- **EXERCISE REQUIREMENTS**: Would you print the listing that follows exactly, but without its pictures?

- **DATA SECTION**:
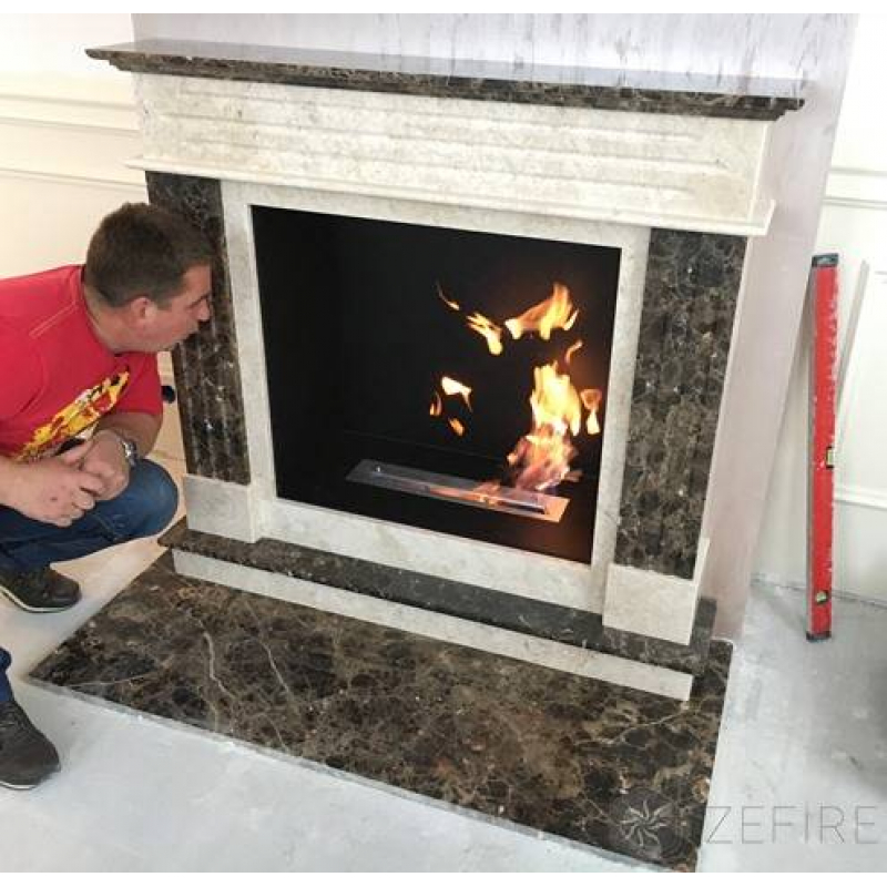 Очаг – это емкость куда заливается жидкое топливо. Емкость внутри заполняется керамическим материалом, который впитывает биотопливо, и в случае опрокидывания камина топливо не разливается. За счет этого конструкция стала полностью пожаробезопасной. Очаг встраивается в корпус из стали, который окрашивается специальной термостойкой краской, или же в заранее подготовленную нишу, изготовленную из негорючих материалов.
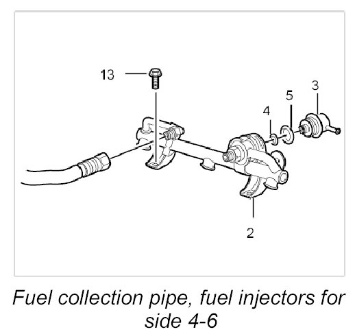 7. Remove fuel collection pipe with fuel injectors 4-6.
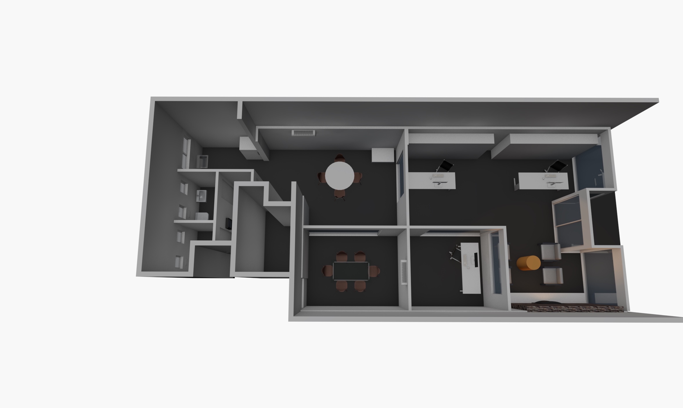 render this office from above add a small amount of wall lighting add a white background and some light timber flooring add small kitchen beside the fridge
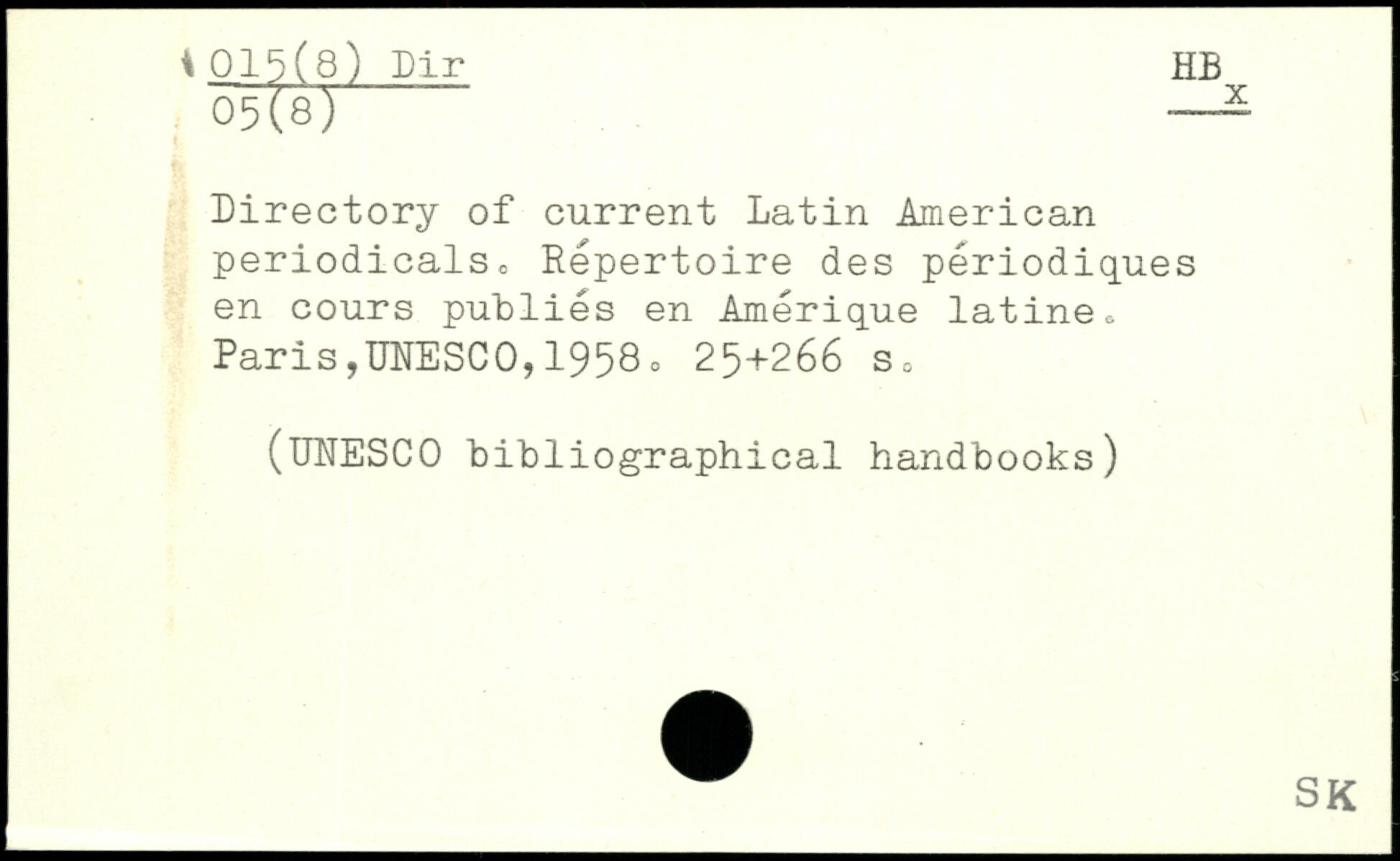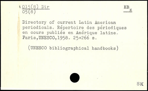 Directory of current Latin American periodicalso Repertoire des périodiques en cours publiés en
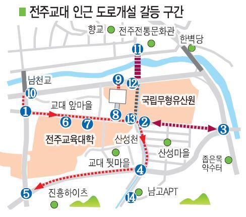 특히 주민들은 애초 전주전통문화회관에서 남고산성으로 이어지는 도로를 위해 전주천에 개설하기로 한 다리(11→12)를 짓지 않은 점에 대해서도 의구심을 제기하고 있다. 이처럼 지속하는 민원에 전주시와 문화재청은 국립무형유산원 주차장 옆에 마련된 사유지 문화시설지구를 매입, 도로로 만들것을 요구하는 등 서로 책임을 미루고 있는 상태다. '대체 도로를 이미 개설해 민원을 해결했다'던 전주시는 본지가 취재에 들어가자 뒤늦게 '주민이 사용하지 않아 볼라드를 세운 것으로 안다'고 한발 물러섰다.
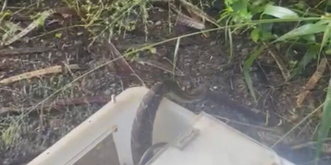 Após a coleta, e devido ao estado bravio que o réptil apresentava, e ainda sem ferimentos, foi efetuado a reintroducao em seu habitat.
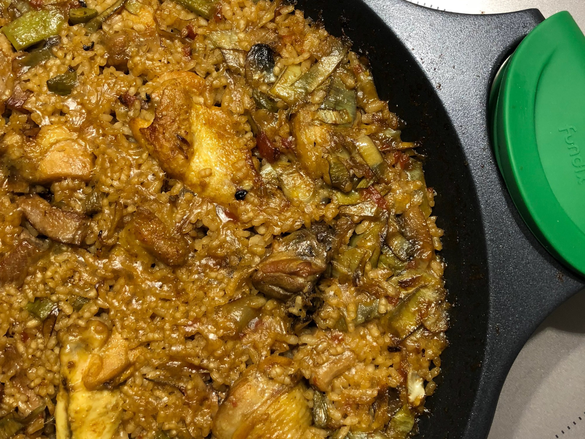 *Yo utilizo la sartén de fundix que sirve para vitrocerámica y horno. Es súper útil para cocinar el arroz y darle el último toque de horno quitándole las siliconas de las asas. Es genial y el sabor del arroz queda perfecto!

- **RESPONSE TO THE EXERCISE**:
 Очаг – это емкость куда заливается жидкое топливо. Емкость внутри заполняется керамическим материалом, который впитывает биотопливо, и в случае опрокидывания камина топливо не разливается. За счет этого конструкция стала полностью пожаробезопасной. Очаг встраивается в корпус из стали, который окрашивается специальной термостойкой краской, или же в заранее подготовленную нишу, изготовленную из негорючих материалов.
 7. Remove fuel collection pipe with fuel injectors 4-6.
 render this office from above add a small amount of wall lighting add a white background and some light timber flooring add small kitchen beside the fridge
 Directory of current Latin American periodicalso Repertoire des périodiques en cours publiés en
 특히 주민들은 애초 전주전통문화회관에서 남고산성으로 이어지는 도로를 위해 전주천에 개설하기로 한 다리(11→12)를 짓지 않은 점에 대해서도 의구심을 제기하고 있다. 이처럼 지속하는 민원에 전주시와 문화재청은 국립무형유산원 주차장 옆에 마련된 사유지 문화시설지구를 매입, 도로로 만들것을 요구하는 등 서로 책임을 미루고 있는 상태다. '대체 도로를 이미 개설해 민원을 해결했다'던 전주시는 본지가 취재에 들어가자 뒤늦게 '주민이 사용하지 않아 볼라드를 세운 것으로 안다'고 한발 물러섰다.
 Após a coleta, e devido ao estado bravio que o réptil apresentava, e ainda sem ferimentos, foi efetuado a reintroducao em seu habitat.
 *Yo utilizo la sartén de fundix que sirve para vitrocerámica y horno. Es súper útil para cocinar el arroz y darle el último toque de horno quitándole las siliconas de las asas. Es genial y el sabor del arroz queda perfecto!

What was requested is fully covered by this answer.